MATERIAL FOR THIS EXERCISE -
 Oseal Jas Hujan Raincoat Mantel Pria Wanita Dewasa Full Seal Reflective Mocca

* * *

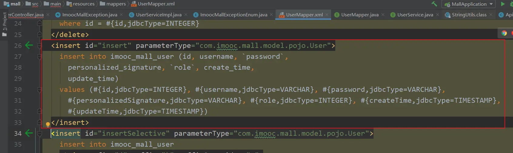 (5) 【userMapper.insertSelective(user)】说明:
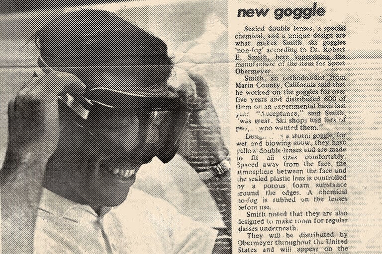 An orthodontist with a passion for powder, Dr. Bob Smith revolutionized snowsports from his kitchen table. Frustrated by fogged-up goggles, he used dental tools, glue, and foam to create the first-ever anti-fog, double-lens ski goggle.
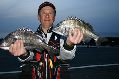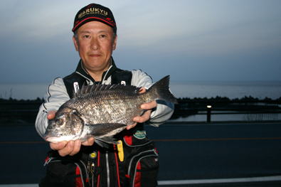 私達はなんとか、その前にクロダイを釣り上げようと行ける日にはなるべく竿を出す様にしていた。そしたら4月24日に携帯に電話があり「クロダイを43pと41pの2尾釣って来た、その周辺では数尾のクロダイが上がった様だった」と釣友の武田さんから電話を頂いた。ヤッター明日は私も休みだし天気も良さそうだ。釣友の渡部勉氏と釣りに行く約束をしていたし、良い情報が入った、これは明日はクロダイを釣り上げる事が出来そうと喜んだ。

PROBLEM DETAILS -
Using the records above, return verbatim only the part that opens with the line containing "(5) 【userMappe" and closes with the line containing "私達はなんとか、その前にクロ"; pictures stay out.

RESPONSE TO THE TASK -
 (5) 【userMapper.insertSelective(user)】说明:
 An orthodontist with a passion for powder, Dr. Bob Smith revolutionized snowsports from his kitchen table. Frustrated by fogged-up goggles, he used dental tools, glue, and foam to create the first-ever anti-fog, double-lens ski goggle.
 私達はなんとか、その前にクロダイを釣り上げようと行ける日にはなるべく竿を出す様にしていた。そしたら4月24日に携帯に電話があり「クロダイを43pと41pの2尾釣って来た、その周辺では数尾のクロダイが上がった様だった」と釣友の武田さんから電話を頂いた。ヤッター明日は私も休みだし天気も良さそうだ。釣友の渡部勉氏と釣りに行く約束をしていたし、良い情報が入った、これは明日はクロダイを釣り上げる事が出来そうと喜んだ。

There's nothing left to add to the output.